Sangsawang Pongpop, Wisuttirattanamanee Chayada, Aueng-Aree Nichaphat, Thivasasith Anawat, Ittisanronnachai Somlak, Kaiyasuan Chokchai, Ngamroj Pawarisa, Phophuttharaksa Natthakit, Tanalikhit Pattarapon, Chavanalikigorn Natputthiya, Mueanngern Yutichai
Department of Chemistry, Kamnoetvidya Science Academy 999 Moo 1, Pa Yup Nai, Wang Chan Rayong 21210 Thailand
Frontier Research Center (FRC), Vidyasirimedhi Institute of Science and Technology 555 Moo 1, Pa Yup Nai, Wang Chan Rayong 21210 Thailand.
RSC Adv. 2025 Mar 11;15(10):7758-7768. doi: 10.1039/d4ra08196j. eCollection 2025 Mar 6.
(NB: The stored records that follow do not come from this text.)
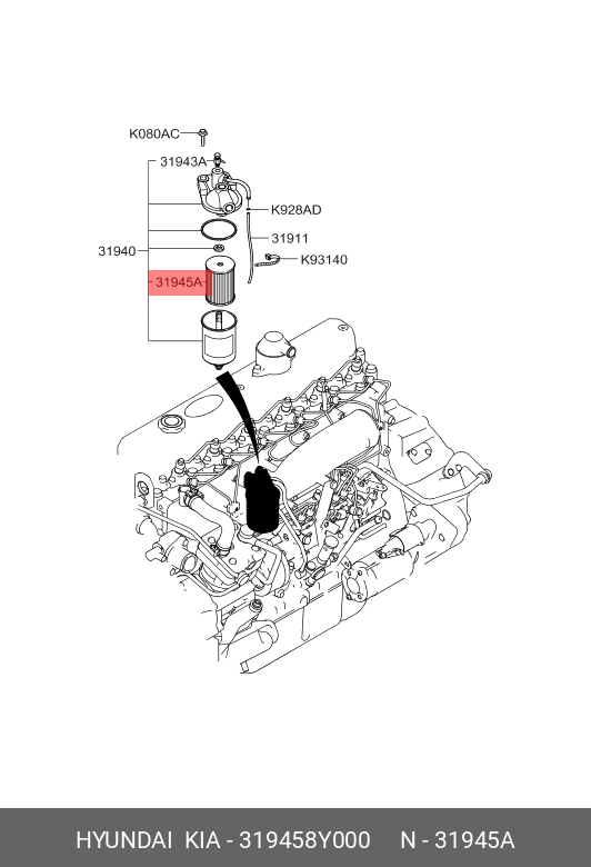 31945-8Y000 HYUNDAI KIA Фильтр топливный HYUNDAI HD120,AeroTown дв.D6DA19/22 OE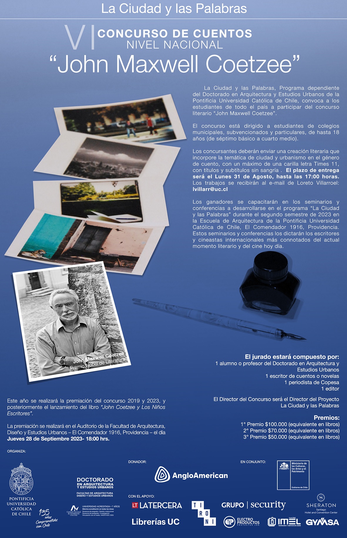 El certamen está dirigido a estudiantes que cursen desde séptimo básico hasta cuarto medio (con edad tope de 18 años), que quieran escribir un cuento sobre de la ciudad y el urbanismo. La obra debe ser enviada hasta el jueves 31 de agosto, hasta las 17:00 horas, al correo electrónico lvillarr@uc.cl.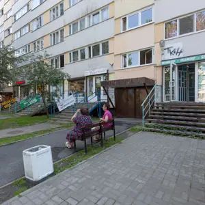 А вот и вход в подъезд. И бабушки рядом на лавочке, как и в любом питерском дворике.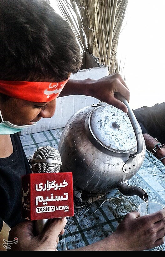 در محوطه قدمی میزنم که ناگهان نوجوانی نظرم را جلب میکند که سربند به سربسته و برای زوار چای میریزد.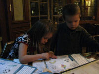Erin and Brendan color together....Daphne covered in sauce after sharing ribs with Grandma Kathy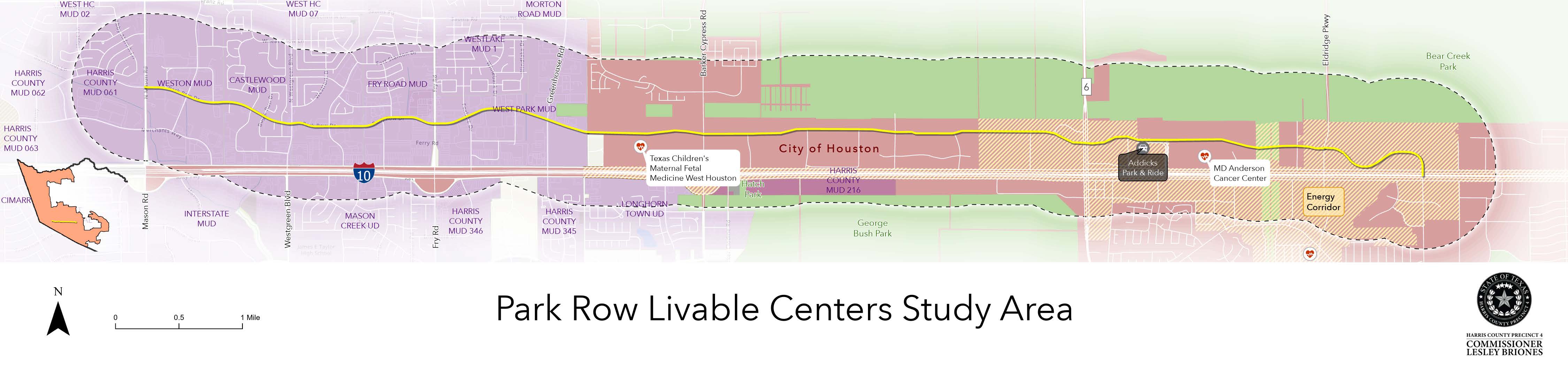 The Park Row Livable Center Study will help the sponsor, Harris County Precinct 4, identify and prioritize investments in active transportation and mixed-use development infrastructure. The Study’s primary goal is to bridge a six-mile gap between two existing active transportation networks, making the area safer and more accessible for pedestrians, cyclists, and transit users. It builds on previous planning efforts such as the West Harris County Transit Study, Energy Corridor Mobility Plan, and Katy East Community Plan.

Biopolymer films derived from starch and chitosan were soaked in vanadium salt solutions to produce vanadium metallopolymer films. Visible light irradiation induces significant color shifts from yellow to green due to changes in the oxidation state of vanadium. The material was observed to undergo dramatic structural changes upon incorporation of vanadium, with further restructuring occurring after visible light illumination. Metallopolymer films exhibited enhanced hydrophobic properties, which were further amplified when the material was irradiated with visible light, resulting in water contact angles up to 103°. X-ray photoelectron spectroscopy (XPS) measurements reveal that photoirradiation reduces vanadium metal from the 5+ (VO ) oxidation state to lower oxidation states. Initially, V (VO ) interacts electrostatically with -NH moieties in chitosan. These interactions were diminished following photoreduction as the formation of reduced species such as V (VO) decreases the interaction of vanadium (previously V) with -NH . As the biopolymer chain breaks free from vanadium, interactions between neighboring polymer strands increase, leading to significant shifts in biopolymer surface structuring. Atomic force microscopy (AFM) measurements showed high root mean square (RMS) roughness values in starch-chitosan control films due to free interactions between biopolymer chains. Upon vanadium soaking, the chains were pulled inward by electrostatic attraction, which created a constraint that reduced the configurational states of the polymer and prevented the chains from interacting with neighboring polymer chains, significantly lowering RMS roughness. After photoirradiation, the electrostatic forces became repulsive, which released the polymer from this constraint and led to a slight increase in RMS roughness. The newly structured surface, dominated by high-frequency features, aligns well with the hydrophobicity model being developed in this work. To verify the reversible nature of the film's surface properties, irradiation and oxidative treatment cycles were conducted, and the contact angle of water was shown to drastically cycle from >100° following irradiation to ≈60° after oxidative treatments. This reversible property provides prospects and design parameters for the fabrication of future smart photo-switchable biopolymer films.
将由淀粉和壳聚糖制成的生物聚合物薄膜浸泡在钒盐溶液中,以制备钒金属聚合物薄膜。由于钒氧化态的变化,可见光照射会引起显著的颜色变化,从黄色变为绿色。观察到该材料在掺入钒后会发生剧烈的结构变化,在可见光照射后会进一步重构。金属聚合物薄膜表现出增强的疏水性能,当材料用可见光照射时,疏水性能会进一步增强,导致水接触角高达103°。X射线光电子能谱(XPS)测量表明,光辐照将钒金属从5 +(VO)氧化态还原为较低的氧化态。最初,V(VO)与壳聚糖中的-NH基团发生静电相互作用。光还原后,随着诸如V(VO)等还原物种的形成减少了钒(先前为V)与-NH的相互作用,这些相互作用减弱。随着生物聚合物链从钒中游离出来,相邻聚合物链之间的相互作用增加,导致生物聚合物表面结构发生显著变化。原子力显微镜(AFM)测量表明,由于生物聚合物链之间的自由相互作用,淀粉-壳聚糖对照薄膜的均方根(RMS)粗糙度值较高。钒浸泡后,链通过静电引力向内拉动,这产生了一种约束,降低了聚合物的构型状态,并阻止链与相邻聚合物链相互作用,显著降低了RMS粗糙度。光辐照后,静电力变得具有排斥性,这使聚合物从这种约束中释放出来,并导致RMS粗糙度略有增加。以高频特征为主的新结构表面与本工作中正在开发的疏水性模型非常吻合。为了验证薄膜表面性质的可逆性,进行了辐照和氧化处理循环,结果表明水的接触角从辐照后的>100°急剧循环到氧化处理后的≈60°。这种可逆性质为未来智能光开关生物聚合物薄膜的制造提供了前景和设计参数。